Hexathele wiltoni
- Conservation status: Data Deficient (NZ TCS)

Scientific classification
- Kingdom: Animalia
- Phylum: Arthropoda
- Subphylum: Chelicerata
- Class: Arachnida
- Order: Araneae
- Infraorder: Mygalomorphae
- Family: Hexathelidae
- Genus: Hexathele
- Species: H. wiltoni
- Binomial name: Hexathele wiltoni Forster, 1968

= Hexathele wiltoni =

- Authority: Forster, 1968
- Conservation status: DD

Species of spider

Hexathele wiltoni is a species of mygalomorph spider endemic to New Zealand.

==Taxonomy==
This species was described in 1968 by Ray Forster from female specimens collected in the Wairarapa and Gisborne regions. The holotype is stored in Otago Museum.

==Description==
The female is recorded at 20mm in length. The carapace is creamy yellow.
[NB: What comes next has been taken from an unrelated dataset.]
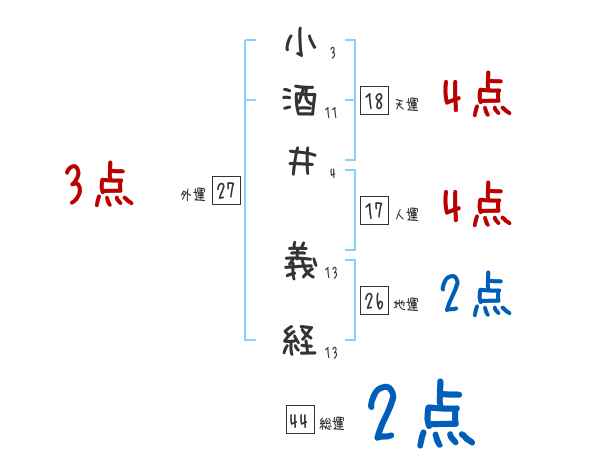 天運![]() | 小酒井義経さんの天運は18画の4つ星!情熱的で剛気。忍耐力があり信頼される。 家系が持つ宿命的な運勢を表します。祖先から受け継いだ苗字ですので自分の力が及びません。家柄を象徴します。 |

The abdomen is yellowish with a strong chevron pattern dorsally.

==Distribution==
This species is only known from the Wairarapa and Gisborne regions of New Zealand.

==Conservation status==
Under the New Zealand Threat Classification System, this species is listed as "Data Deficient" with the qualifiers of "Data Poor: Size" and "Data Poor: Trend".